I would reply "Well, use your other fucking arm!", were it not for an awful experience in my taching days when I sent a girl to collect a film - Large reel-reel spools in those days.
"But I've got my bag to carry", she said.
"You've got two arms," I said in a schoolmaterish way, I now abhor.
"No, I don't," she said.
She was a cello player and fantastic actress - and I hadn't ever noticed!
Oh dear. That reminds me of the time I was visiting a friend, and his assist dog had fetched a can of cola from the fridge, and I was busy doing something, I don't remember what, so this dog is standing there with a cola can in his mouth, and my friend says, "Take the damned cola."
My hands were occupied so I say, "I don't have any hands!"
He just looked at me. See, he didn't either, literally.
You can tell your friendship is comfortable when you can say something like that and both of you can laugh it off.
I've got two functioning arms. The only thing lame about me today is my sense of humor.
Just give it some benedryl and warm milk before bedtime. It'll sleep like the proverbial baby. (not a real baby mind you, I think only proverbial ones actually sleep)
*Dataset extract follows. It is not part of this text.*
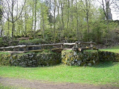 Unterhalb des Kriegerdenkmals gibt es aus Basaltsteinen errichtete Terrassen und einen Bierkeller. Im 19. Jahrhundert waren auch noch Lauben errichtet. Das Gelände wurde von den Dauner Vereinen als Festplatz genutzt. [1]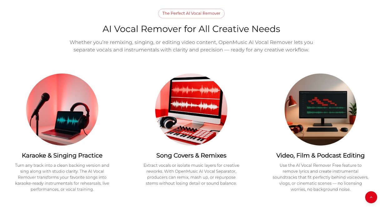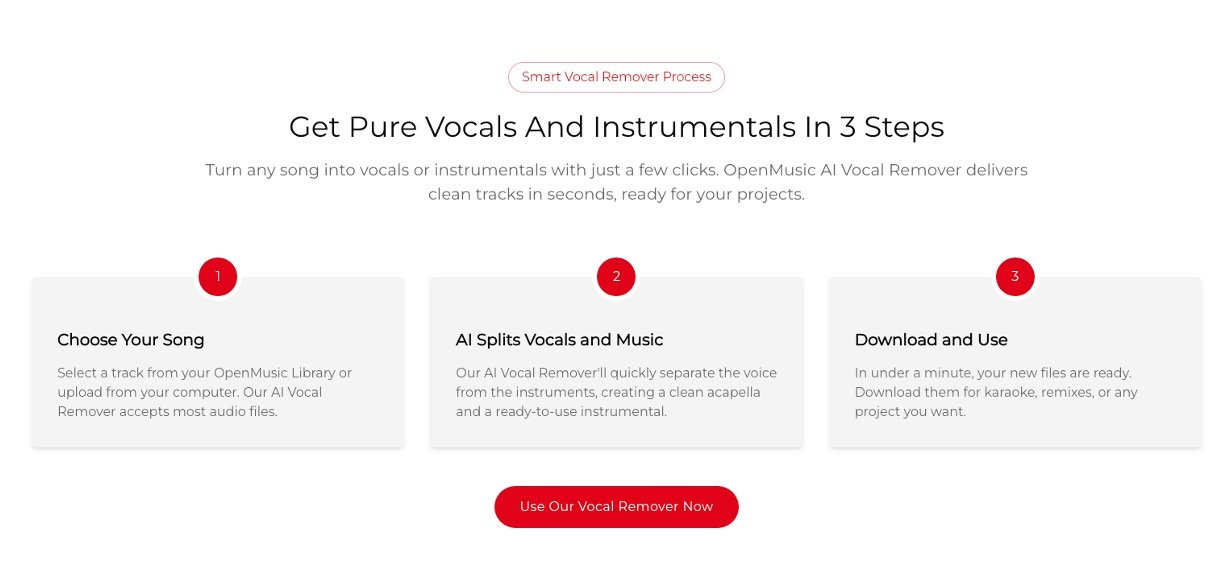 OpenMusic AI Vocal Remover is your easy online tool to separate any song into vocals and instrumentals using smart AI. Just upload a track, and it quickly pulls out clean acapella voices or background music with studio-quality results and little distortion. Perfect for beginners who want pro-sounding files for fun projects like karaoke or videos without complicated software.

I'll give that a try. Man, I don't want to know what it'd be doing otherwise. I can just imagine waking up with pinchmarks in the weirdest places. *shudder*
Nice fucking AV Naudiz. Sorry about your fucking arm. My fucking hand has been bothering me. It's my fucking mouse I think. I need a fucking arm brace. My fucking eyes hurt too. Maybe I'm just spending too much fucking time at the computer.